Under this integrated strategy, USAID programs in Colombia can reach those underfunded municipalities historically affected by the armed conflict with complementary services. While Land for Prosperity increases the government’s capacity for land governance and promotes a culture of formal land ownership, the Responsive Governance program improves the management of public finances while the Partners for Transparency program leverages local capacity and commitment to promote a culture of transparency and accountability.

“We can’t lay a single brick if the property is not titled. Land formalization is the first step. Now that the municipality has the registered land title, we can start building and improving the health clinic.”
– Orlando Benítez, Santo Domingo’s health director

Filling Gaps

Land for Prosperity has facilitated the titling of 10 municipal properties in Valencia, including the Santo Domingo health clinic. In addition, the Municipal Land Office has titled 91 private urban parcels, giving poorer residents land titles for land they have owned for decades.

“In Santo Domingo, we are relieved to be getting a health clinic. We have a school but have been missing a health clinic for a long time,” Benítez says. “It is essential for the community, and thanks to USAID programs for moving this project forward.”

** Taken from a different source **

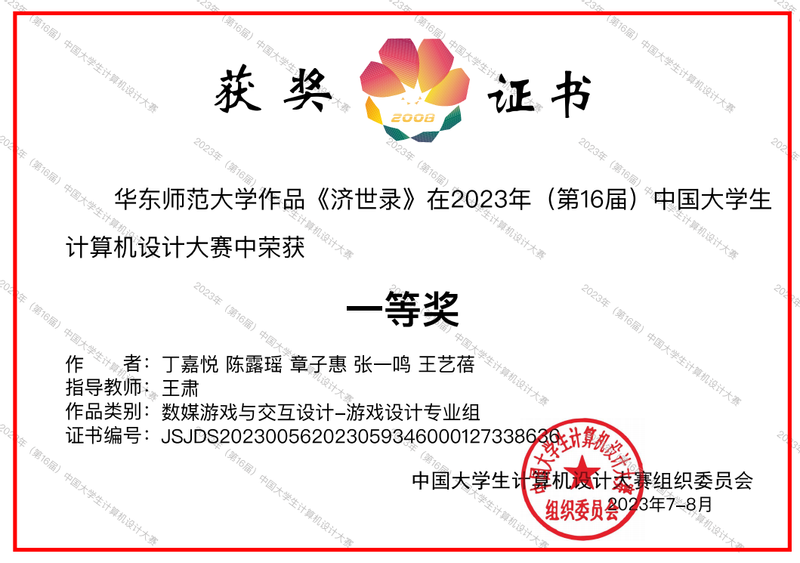 近期,由2021级本科生丁嘉悦和陈露瑶联合兄弟公司员工创作的作品《济世录》,斩获2023年(第16届)中国老员工计算机设计大赛一等奖。

Once built, the health post will benefit more than 2,500 people from Santo Domingo and neighboring villages Cocuelo and Cocuelo Medio. It will have outpatient services, dentistry, and medical check-ups. To see a doctor, the inhabitants of Santo Domingo and neighboring villages must pay 50,000 pesos (USD $12) in travel costs to reach Valencia, which is a lot for a farmer whose income, in the best of cases, reaches USD $500 a month.

“In Valencia, USAID saw the opportunity to work on an identifiable need, which is the health center, then we managed to formalize the property,” says Andrea Olaya, Regional Manager of Land For Prosperity. “Partners for Transparency and its overseers are going to be very attentive to the entry of resources.

Concerted Efforts

USAID has prioritized ten regional integration initiatives including Nariño’s Pacific coast (Tumaco), Bajo Cauca, and Catatumbo (Norte de Santander). USAID is investing in property formalization, strengthening local government capacity, and agriculture, all with a differentiated gender approach that places an emphasis on the needs of rural women.

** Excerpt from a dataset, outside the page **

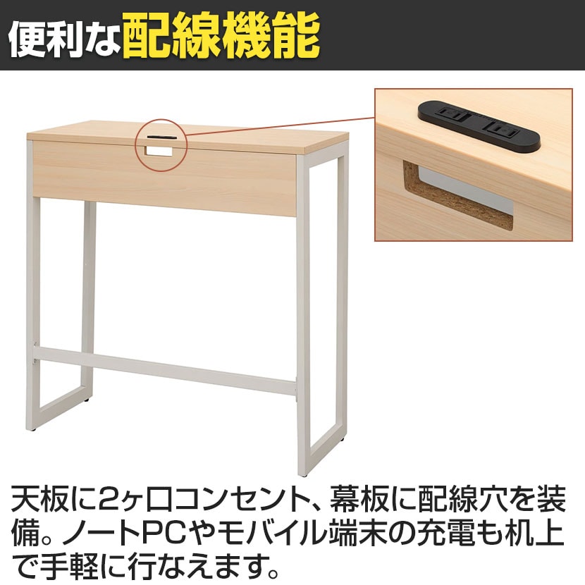 幕板に配線穴、天板には中央1箇所に2ヶ口コンセントを備えています。

“USAID’s Regional Integration Initiative is crucial because it seeks the synergy among all the initiatives being implemented to produce a greater impact for the populations,” says Andrea Olaya, Regional Manager of Land for Prosperity.

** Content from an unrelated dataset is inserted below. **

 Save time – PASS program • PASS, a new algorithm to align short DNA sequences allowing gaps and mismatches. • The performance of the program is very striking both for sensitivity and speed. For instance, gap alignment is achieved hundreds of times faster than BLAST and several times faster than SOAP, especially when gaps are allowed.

USAID is supporting 11 municipal-wide land titling campaigns across Colombia. Each campaign depends on a variety of factors and is expected to require an average of two years to complete implementation. By 2025, the government will have updated more than 115,000 parcels in the national cadaster with the possibility of delivering up to 40,000 land titles.

 

 

 

 

A Health Clinic in Santander de Quilichao, Cauca, titled with support from USAID

In Bajo Cauca, LFP is supporting the municipal wide parcel sweep in Caceres, and Colombia’s National Land Agencies are supporting the parcel sweep in Valencia.

Under the Programs with a Territorial Approach strategy created by the government following the 2016 Peace Accords, places like Valencia have been favored with initiatives managed by the Territorial Renewal Agency (ART) and the municipality.

“In addition to the Land Office, we are highly grateful to USAID programs such as the one that provided us with the road inventory, making us the first and only municipality in Cordoba to have it,” said Valencia’s Secretary of Planning, Eliecer Martinez. “These projects are not physically seen but greatly benefit the people.